Vos Maaike J, Berkhof Johannes, Postma Tjeerd J, Hoekstra Otto S, Barkhof Frederik, Heimans Jan J
Department of Neurology, VU University Medical Centre, PO Box 7057, 1007 MB, Amsterdam, The Netherlands.
Eur J Nucl Med Mol Imaging. 2006 Feb;33(2):222-7. doi: 10.1007/s00259-005-1883-z. Epub 2005 Sep 29.
The aim of this study was to estimate 201Tl SPECT and CT-MRI cut-off values that lead to a validated prognostic classification for the end-point overall survival, in order to discriminate glioma patients with good and poor prognosis at an early stage during chemotherapeutic treatment.
We studied patients who underwent 201Tl SPECT and CT-MRI before and after two courses of chemotherapy. Cut-off values were retrieved from the Cox model. Patients were classified according to the computed cut-off values, creating subgroups of patients with different prognosis in terms of survival [tumour regression (TR); stable disease (SD); tumour progression (TP)]. The differences between the subgroups were assessed by Kaplan-Meier analyses. The predictive performance of the classification procedure was evaluated by a leave-one-out cross-validation method.
201Tl SPECT classified 41% of the patients as SD, 25% as TR and 34% as TP. CT-MRI classified 82% of the patients as SD, and only 4% and 14% as TR and TP, respectively.

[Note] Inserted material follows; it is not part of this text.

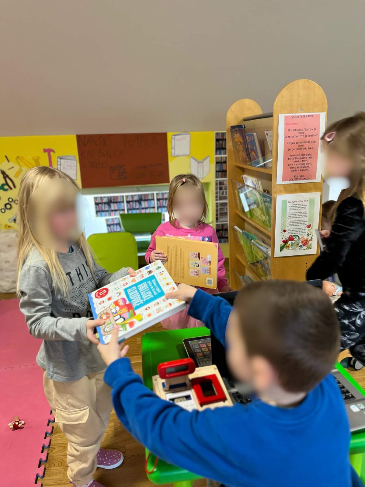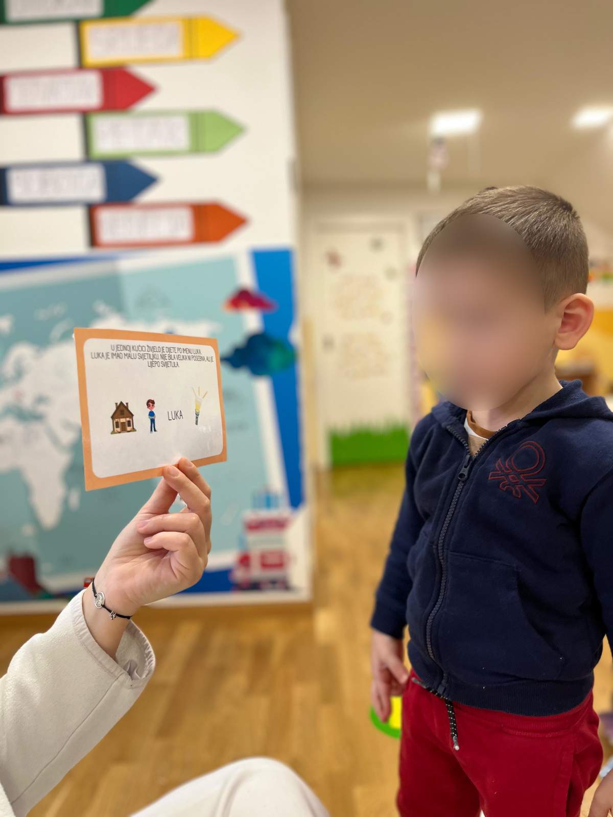 - Poticanje razvoja verbalnog izražavanja misli, osjećaja i potreba prilikom sudjelovanja u aktivnostima „Pričaj mi priču“ te aktivnostima pridruživanja slova

Of those patients with a relatively long overall survival (i.e. > or =16 months), cross-validation estimates of 201Tl SPECT classification rates were 50% TR and 50% SD, and cross-validation estimates of CT-MRI classification rates were 7% TR, 72% SD, and 21% TP.
We constructed a 201Tl SPECT model that makes it possible to identify glioma patients with a good or a poor prognosis at an early stage during chemotherapeutic treatment. With this model, accurate predictions can be made with regard to the expected duration of survival.
本研究旨在评估201Tl单光子发射计算机断层扫描(SPECT)及计算机断层扫描-磁共振成像(CT-MRI)的截断值,以得出针对总生存终点的有效预后分类,从而在化疗治疗早期区分预后良好和不良的胶质瘤患者。
我们研究了在两个化疗疗程前后接受201Tl SPECT及CT-MRI检查的患者。截断值通过Cox模型获取。根据计算出的截断值对患者进行分类,从而创建出在生存方面具有不同预后的患者亚组[肿瘤退缩(TR);疾病稳定(SD);肿瘤进展(TP)]。通过Kaplan-Meier分析评估亚组之间的差异。采用留一法交叉验证方法评估分类程序的预测性能。
201Tl SPECT将41%的患者分类为SD,25%为TR,34%为TP。CT-MRI将82%的患者分类为SD,分别仅有4%和14%为TR和TP。在那些总生存期相对较长(即≥16个月)的患者中,201Tl SPECT分类率的交叉验证估计为50% TR和50% SD,CT-MRI分类率的交叉验证估计为7% TR、72% SD和21% TP。
我们构建了一个201Tl SPECT模型,该模型能够在化疗治疗早期识别预后良好或不良的胶质瘤患者。借助该模型,可以对预期生存期做出准确预测。